On the intersection of the hyperbolic paraboloid with a bundle of planes.

Question

Suppose we are in Euclidian space in 3 dimensions.

I intersect a bundle of planes $\alpha(x-y) + z = 0$ with a hyperbolic paraboloid $x^2 - y^2 = 2z$

\begin{cases} \alpha(x-y) + z = 0 \\ x^2 - y^2 = 2z \end{cases}

\begin{cases} \alpha(x-y) + z = 0 \\ (x-y)(x+y+2 \alpha) = 0 \end{cases}

I don't understand what we obtain from this.
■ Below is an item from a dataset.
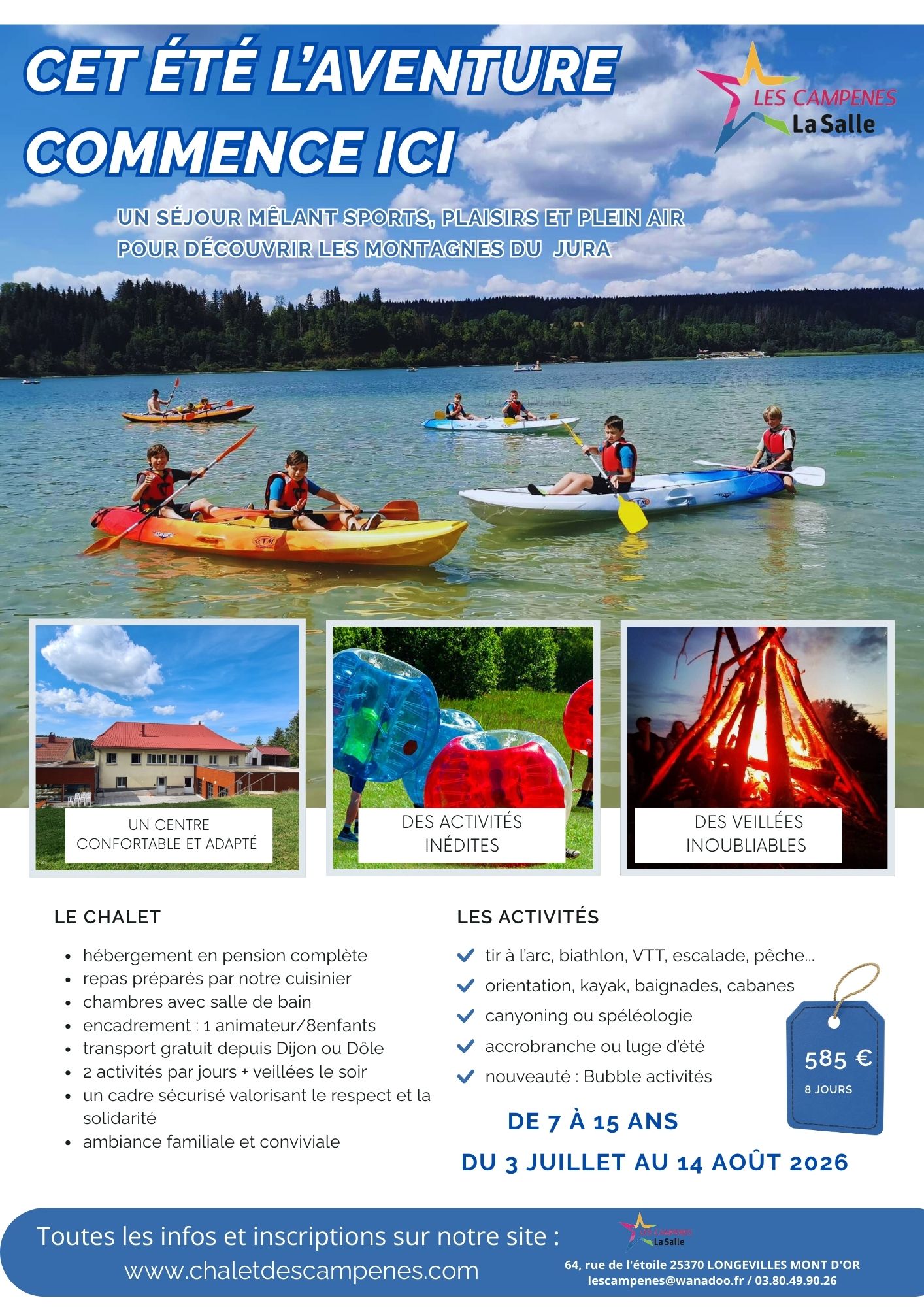 A ce tarif s’ajoute les frais d’adhésion et de dossier de 10,00€ comprenant le passeport montagne ( assurance totale pour toutes les activités outdoor).
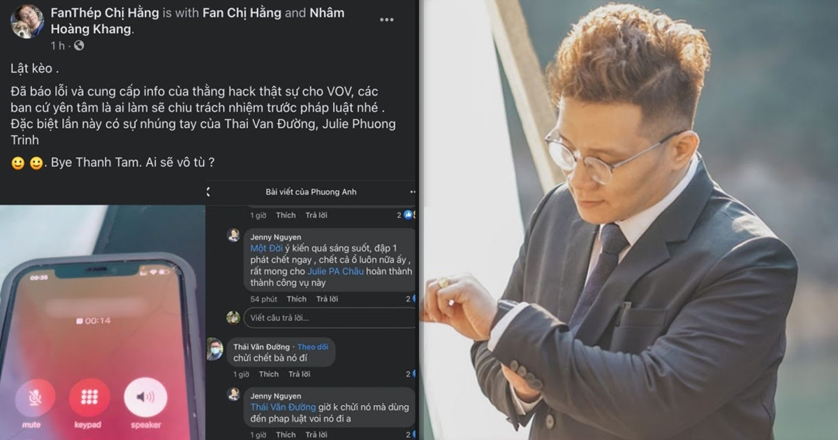Trước khi bị cơ quan chức năng bắt giữ, Nhâm Hoàng Khang không ít lần dùng lời lẽ thóa mạ, đả kích nữ doanh U50. Thậm chí, còn lớn giọng thách thức bà Hằng làm đơn thưa kiện mình.Bên cạnh đó, IT Nhâm Hoàng Khang đã yêu cầu bà Phương Hằng ngưng “réo tên” mình trên sóng Livestream nếu không sẽ dùng thủ thuật làm gián đoạn.Hiện tại, Netizen đang tràn vào các bài viết cũ của nam hacker và để lại bình luận mỉa mai.

I wrote that I obtain a family of lines but can't see it and would not be sure how to solve a system of this kind.

How do I see it and what is the way to solve these kind of systems?

Answer 1

The equation $(x-y)(x+y+2 \alpha) = 0$ is equivalent to either $(x-y)= 0$ or $(x+y+2 \alpha) = 0$, which are the equations of two planes. Combining the first one with $\alpha(x-y)+z = 0$, one gets $x=y$ and $z=0$, the equation of a fixed line in the $(x,y)$-plane. The other solutions of your system are then given by $$ \begin{cases} \alpha(x-y)+z = 0 \\ x+y+2 \alpha = 0 \end{cases} $$ These are the equations of two planes, whose intersection is a line varying with $\alpha$, that is a family of lines.

Answer 2

HINT:

Not a proper answer. I suppose you can study projections of intersections of various planes to the hyperbolic paraboloid. If that is the aim, however it is better to begin with:

\begin{cases} y = x \,\alpha \\ x^2 - y^2 = 2z \end{cases}

to get intersections by varying the inclination of cutting plane rotated around z-axis through slope $\alpha$ { asymptotic lines , parabolas drooping down , parabolas opening up },

and then proceed with inclined planes as given in the problem.

$ z=0 $ gives a pair of asymptote straight lines of intersection, $ x = y, x = -y. $